Saturday, July 15, 2006

Ethics, Shmethics

Someone asked me an interesting question last night. He asked, "So, do you think it's appropriate to work in an environment that you think is so inadequate that you can't give even minimally adequate care?"

It wasn't the first time that someone suggested to me that correctional work was unethical. Many years ago when I first started working in prison a colleague of mine said to me, "Surely, you're not working there." He was implying that to work inside a correctional facility was equivalent to participating in punishment. Fortunately, times have changed.

In 1988 the American Psychiatric Association published a position statement on psychiatric services in jails and prisons, and this is what it said:

"Psychiatrists should take a leadership role administratively as well as clinically...the APA calls on its members to participate in the care and treatment of the mentally ill in jails and prisons, for without an increased commitment and involvement of its membership in providing services to the mentally ill in jails and prisons, position statements such as this will be meaningless.

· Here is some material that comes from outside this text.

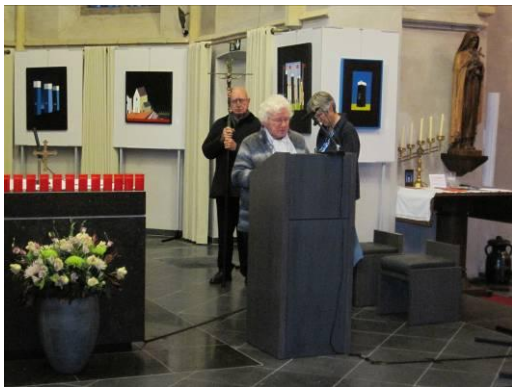
Tijdens de kruisweg op 9 oktober.

The breadth and depth of these problems demand much more."
Correctional experience is now mandatory in some situations. In the 1990's forensic psychiatry was recognized as an official medical subspecialty. The American Council for Graduate Medical Education (ACGME), the organization which accredits forensic psychiatry training programs, requires that all forensic psychiatry fellows have a minimum of six months experience working with inmates in a correctional facility. Child psychiatry fellowships also require forensic experience, which in some programs may involve work in juvenile correctional facilities.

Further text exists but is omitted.